Domingos Simoes Pereira, former Prime Minister of Guinea-Bissau, has been banned from leaving the country due to a judicial review in an investigation that includes an attempted coup in 2021, the Prosecutor General’s Office in Bissau announced Wednesday.
Pereira, a member of parliament and leader of the former ruling PAIGC party, which has dominated political life in Guinea-Bissau since independence in 1974, was President Umaro Sissoco Embalo’s opponent in the January 2020 presidential runoff election, the results of which he is contesting.

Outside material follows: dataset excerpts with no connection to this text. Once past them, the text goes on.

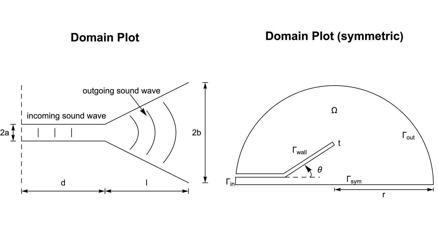 The acoustic horn geometric model consists of two parts: a semi-infinite sound channel with width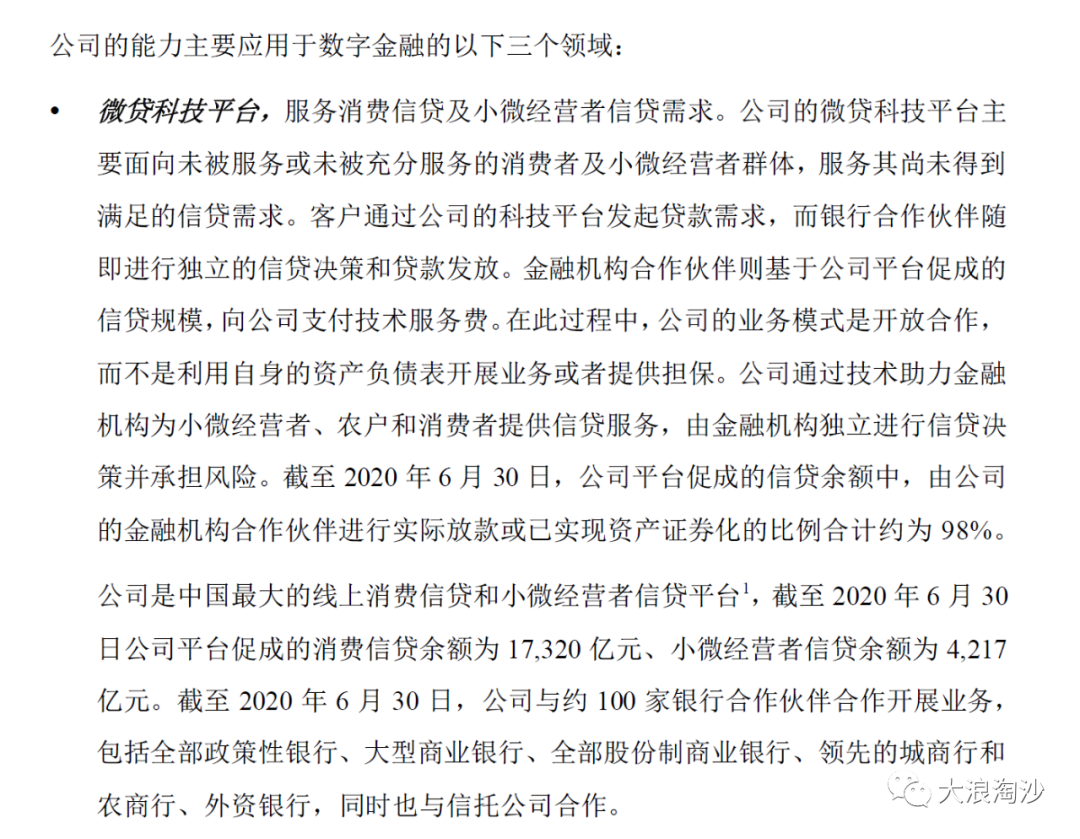 首先马云虽然总是强调蚂蚁金服是科技创新公司,然而招股说明书不会说谎,核心还是靠放贷赚钱——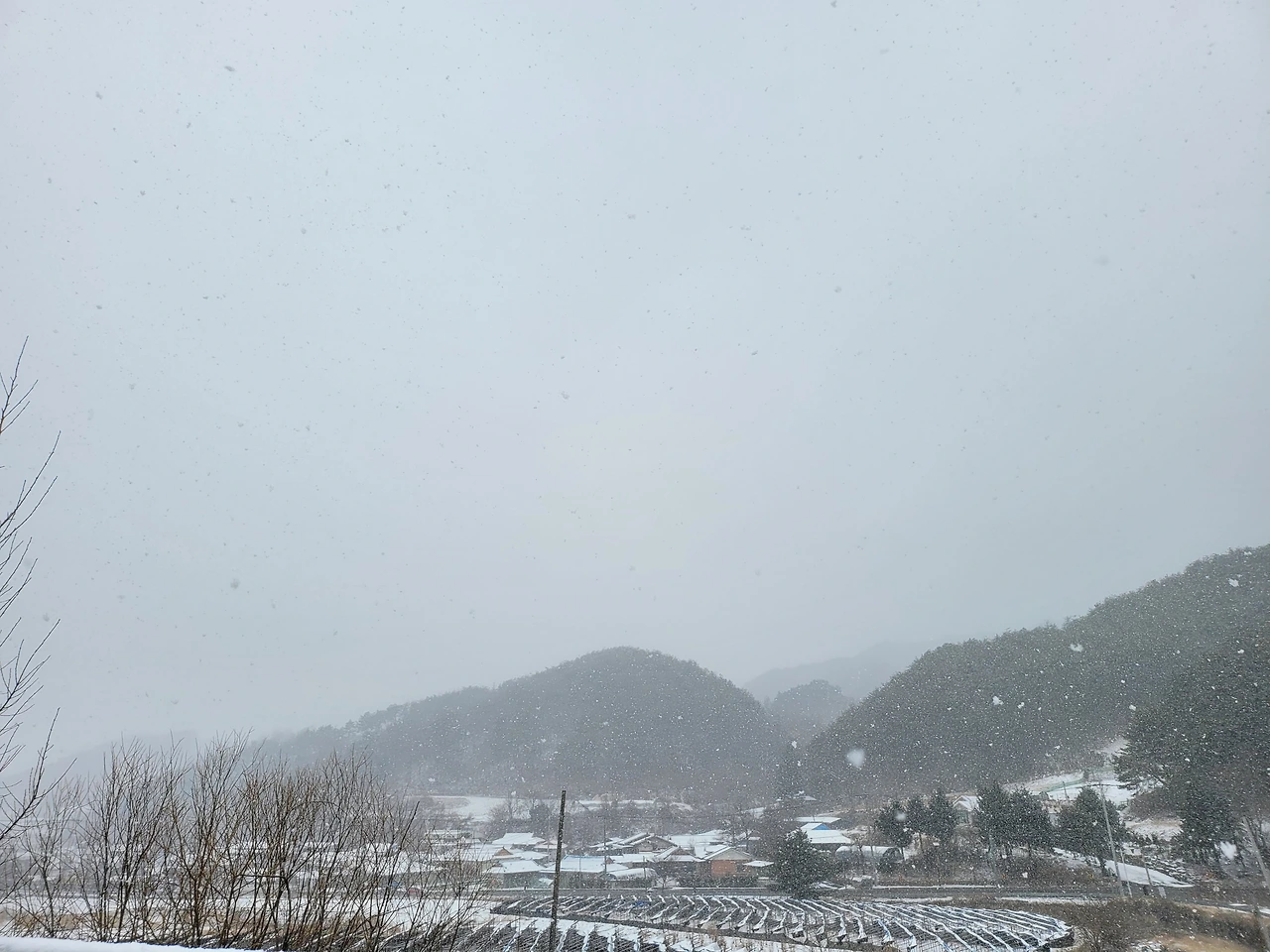 산을 내려와 숙소에 묵으면서도 덕유산 설경을 보지 못한 점은 못내 아쉬웠다. 아쉬움 때문이었을까? 밤새 뒤척이다 새벽을 맞았다. 암막 커튼을 올리자 눈 내린 논과 밭이 거짓말처럼 펼쳐졌다. 그토록 소원하던 눈이 밤 사이 내렸다니 꿈인가 싶었다. 눈 쌓인 들판을 바라보자 눈 내리는 풍경을 보고 싶다는 욕망이 생겼다. 바람이 통한 걸까? 함박눈이 쏟아지기 시작했다. 먹구름이 하늘을 가득 메우고 난 후다. 창문을 열어 눈을 만지며 환호했다. 옆에서는 나와 달리 그이는 외진 산골 도로는 눈길이 얼면 위험하다며 걱정이다. 남편의 말을 흘러들으며 마음속으로 제발 흰 눈이 펑펑 쏟아지길 빌었다. 점점 눈발이 굵어지고 있다.

He served as head of government from 2014 to 2015 under President José Mario Vaz (2014-2019). “Domingos Simoes Pereira has been under judicial supervision since Tuesday,” said Wednesday the Attorney General of the Republic Bacary Biaye.
The Attorney General’s Office issued a statement Tuesday evening announcing “a measure of coercion” against Mr. Pereira from Tuesday. This “decision prevents him from leaving the country without the authorization of the Public Prosecutor’s Office,” the statement said.
This measure was taken “because of the delay that the ANP (the National People’s Assembly) to respond to the letter” requesting a lifting of his immunity and “given the danger that (his exit from the territory) represents for the success of the investigation.
The judiciary, after opening a judicial investigation against Pereira in early February, referred a request for the lifting of his immunity to National Assembly Speaker Cipriano Cassama on February 18, according to an official document.
Pereira is officially accused, while he was Prime Minister, of allowing a $5 million disbursement to Guinea-Bissau businessmen to pay debts owed to local banks, according to official sources.
He is accused of not having consulted the National Assembly before making the disbursement. He is also cited in an alleged coup attempt against President Embalo on April 12, 2021, according to the official document.